How Children Succeed is a collection of Paul Tough's research on child development and educational reform in America, particularly as it affects at-risk children living in poverty.
In the introduction, author Paul Tough introduces the book's central argument, that character development is more important to a student's future success than his or her IQ. Tough visits a new school, Tools of the Mind, which focuses primarily on character rather than cognitive skills as a way of preparing young learners for their academic futures, even though this practice goes against the mainstream belief that cognitive development, which arguably leads to a higher IQ, is the best head start for toddlers. By recapping a series of educational experiments and research, Tough creates an atmosphere of interest and concern about the American school system, particularly its effects on at-risk students. Already in the introduction it's made clear that studies show that students with a specific set of character traits, "persistence, self-control, curiosity, conscientiousness, grit, and self-confidence," seem to have a much higher success rate than students without them, leaving Tough to question whether these traits can be trained or if they are innate, and what programs can be made available to both teachers and students to ensure effective educational reform.
In Chapter One, "How To Fail (And How Not To)," Tough introduces the reader to two women making great waves in educational reform: Nadine Burke Harris, a researcher who studies the biological effects of stress on children's lives, and Elizabeth Dozier, the principal of Fenger High School, one of the worst high schools in the United States, and a school that will be a focal point of much of the novel. Together with her fellow researchers, Burke Harris devised a system of recording traumatic events in her patients' lives, and after collecting their personal histories, assigned each an ACE (Adverse Childhood Experience) number. Her results showed that patients with high ACE numbers were not only at higher risk for medical conditions (such as anxiety, depression, and cancer), but children with high ACE numbers also performed poorly in school and had a lesser chance of success in their adult lives than students with low ACE numbers. Research also showed that students with high ACE scores struggle to make secure attachments to their caregivers, another important facet of later success.
Chapter Two, "How to Build Character," focuses on Tough's primary message, that character development is more important than IQ in determining a student's future success. Throughout this chapter, Tough compares two vastly different schools: KIPP, an education training program for at-risk teens in inner city Chicago, and Riverdale, an affluent school in one of the richest neighborhoods in New York. The principals of both schools, although dealing with very different students, both believe that having grit, determination, and self-control is more important than academic intelligence. Tough goes on to discuss a variety of programs in which it was discovered that when students feel motivated and determined to succeed, their IQ tests higher.

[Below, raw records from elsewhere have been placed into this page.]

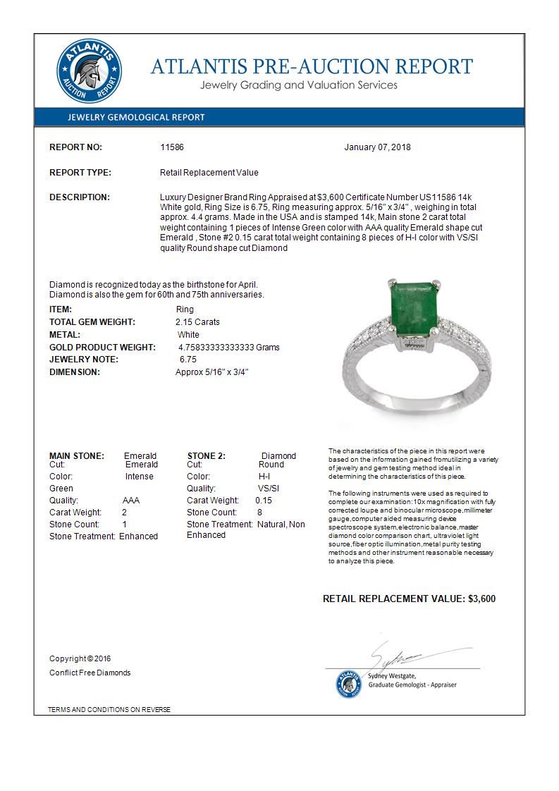 REF-54H5A -11586 ---- 2.15 CTW Emerald & Diamond Ring 14K White Gold ---- Luxury Designer Brand Ring Appraised at $3,600 Certificate Number US11586 14k White gold, Ring Size is 6.75, Ring measuring approx. 5/16" x 3/4" , weighing in total approx. 4.4 grams. Made in the USA and is stamped 14k, Main stone 2 carat total weight containing 1 pieces of Intense Green color with AAA quality Emerald shape cut Emerald , Stone #2 0.15 carat total weight containing 8 pieces of H-I color with VS/SI quality Round shape cut Diamond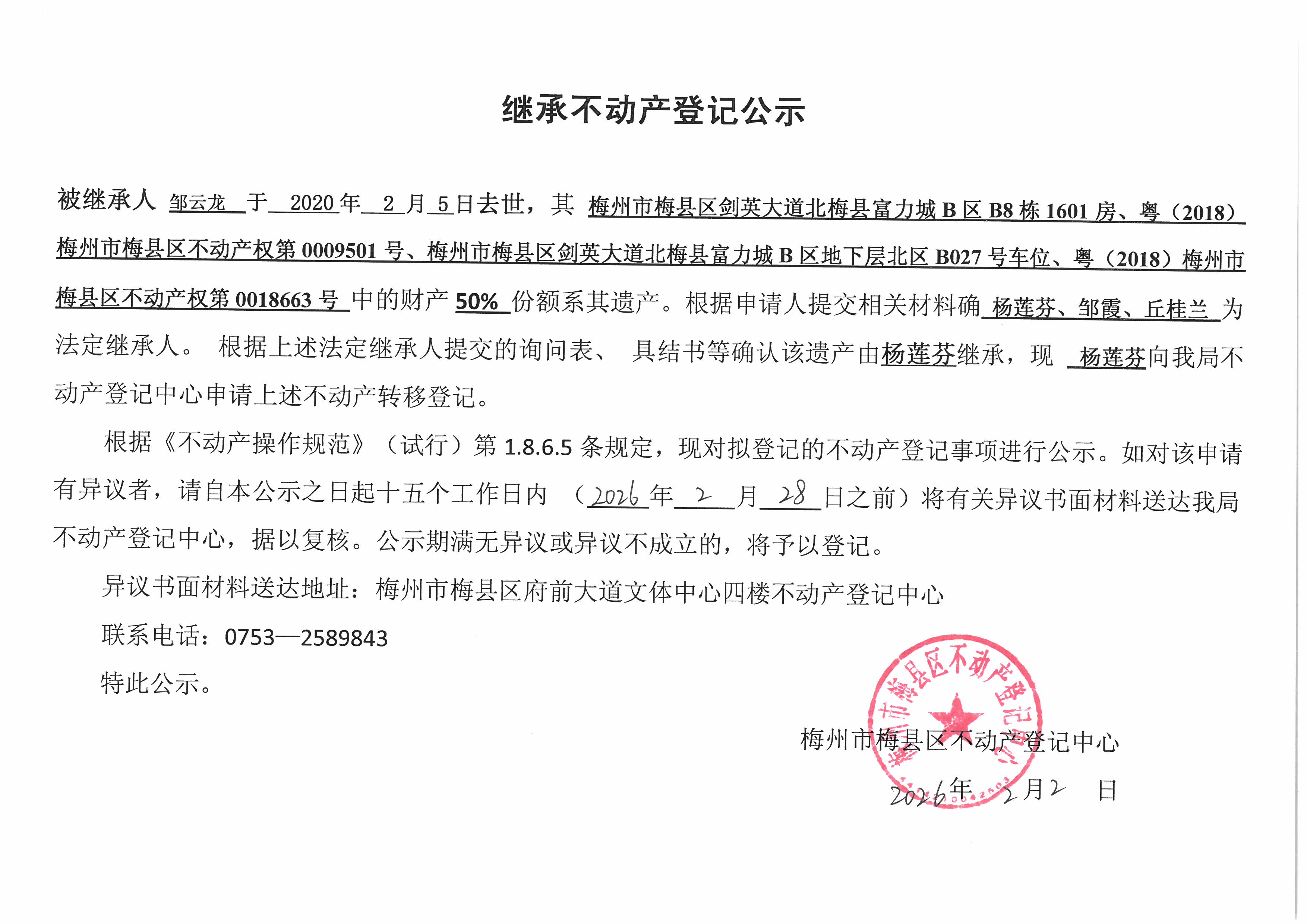 被繼承人鄒云龍于2020年2月5日去世,其梅州市梅縣區劍英大道北梅縣富力城B區B8棟1601房、粵(2018)梅州市梅縣區不動產權第0009501號、梅州市梅縣區劍英大道北梅縣富力城B區地下層北區B027號車位、粵(2018)梅州市梅縣區不動產權第0018663號中的財產50%份額系其遺產。根據申請人提交相關材料確楊蓮芬、鄒霞、丘桂蘭為法定繼承人。根據上述法定繼承人提交的詢問表、具結書等確認該遺產由楊蓮芬繼承,現楊蓮芬向我局不動產登記中心申請上述不動產轉移登記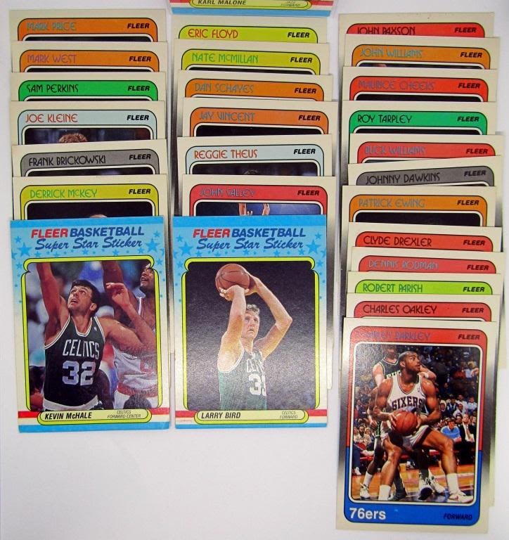 includes #80 EWING, #92 DREXLER, #43 RODMAN, #12 PARISH, #18 OAKLEY, #85 BARKLEY #2 BIRD STICKER, #9 McHALE STICKER, #8 MALONE STICKER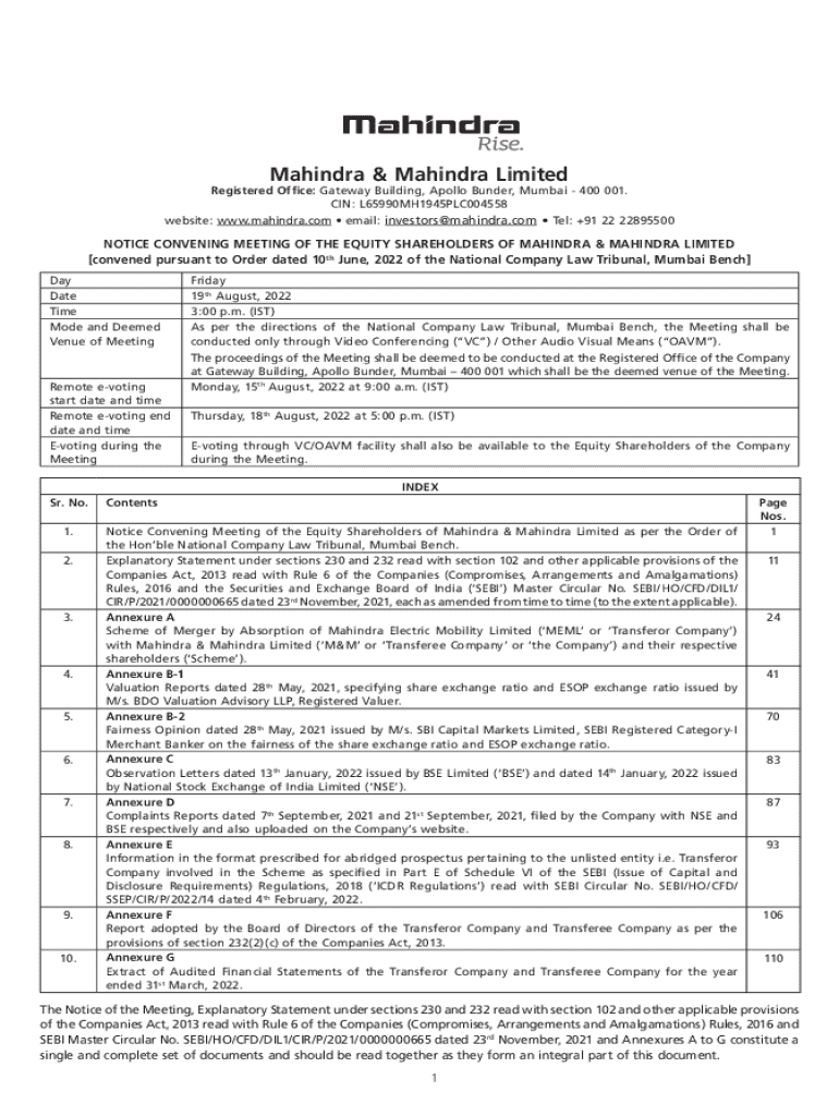 This notice convenes a meeting of the equity shareholders of Mahindra & Mahindra Limited to consider the merger of Mahindra Electric Mobility Limited with Mahindra & Mahindra Limited and includes

Essentially, Tough argues that teachers must convince their students that everything about them, from their IQ to their personality, is malleable and can be altered or transformed when properly trained.
Chapter Three focuses primarily on a New York educator, Elizabeth Spiegel, and the work she's done with inner city youths through her chess program. Tough is particularly drawn to Spiegel because her lessons, like those of the successful educators discussed in previous chapters, focus on two executive functions: cognitive flexibility (the ability to see alternative solutions to problems), and cognitive self-control (the ability to substitute more effective, less obvious solutions for natural reactions). In her own way, Spiegel is teaching her chess players grit, curiosity, self-control, and optimism.
In the remaining two chapters, Tough explores additional movers and shakers in education reform, following their inventive programs and the effects made in disadvantaged communities. What ties all of these stories and experiments together is the resounding message that character development is more important than intelligence, every single time. Tough's message throughout the novel is clear: teachers, not students, are the key to the future.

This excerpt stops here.